Round 7, Pick 238: John Lovett (QB/ATH), Princeton

By this point, the draft is even greater of a crapshoot as teams make their final sections. If I were Pace, who’s satisfied with my draft haul, I’d start swinging for the fences by going for raw, athletic talent.

Well, why not bring in someone who is not only talented athletically, but academically?

John Lovett is a name not many know. The Princeton QB tore up the Ivy League as a “five-tool” player; in three seasons, he had 31 passing TDs, 42 rushing TDs, two receiving TDs, two tackles on defense, and three punts for 97 yards. This guy can do it all, like another Taysom Hill (or Sammy Baugh/Sid Luckman with that diverse stat line?). I can only imagine the possibilities under Nagy.

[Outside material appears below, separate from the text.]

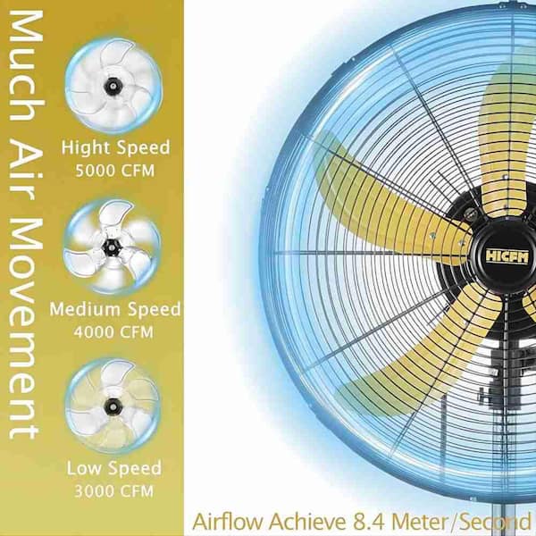 5000 CFM 20 in. heavy-duty High Velocity Pedestal Oscillating Fan with Powerful 1/5 Motor, 9 ft. Power Cord
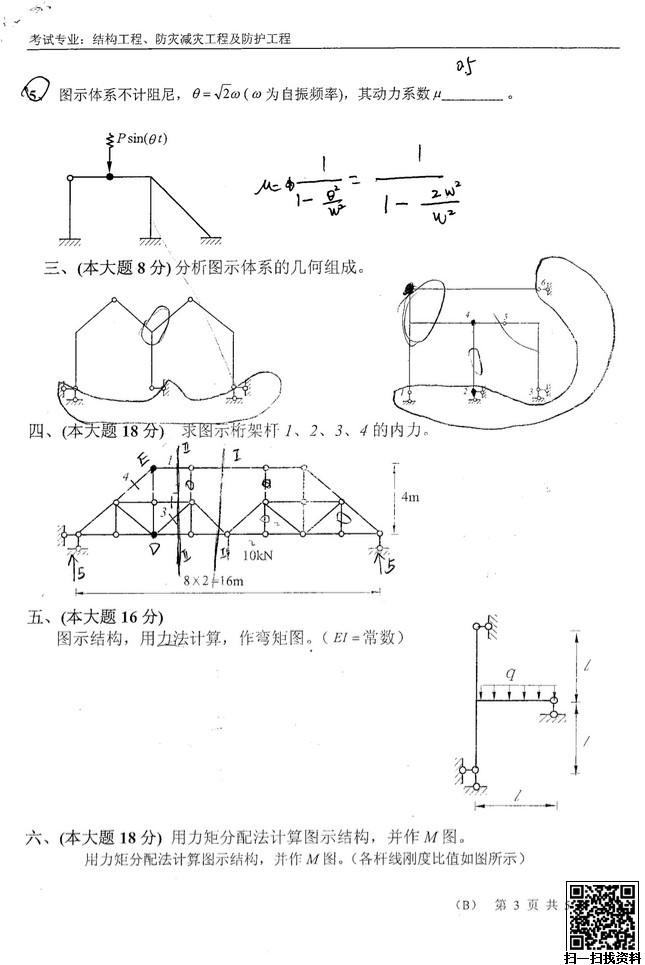专业课考研资料 本站小编 免费考研网 2020-03-052016年北京建筑大学结构力学研究生初试真题

At 6’3″, 230 pounds, he’s projected to be a fullback or H-back. Neither are positions the Bears necessarily need, but his insane versatility makes him a very attractive option.

Also, he’s a History major. As a History major myself, I want a guy I can relate to.

Personally, I think he’ll go undrafted and his chances at an NFL career are a longshot. He hasn’t had many visits before the draft and I haven’t seen much, if any coverage of him. But anything can happen, right?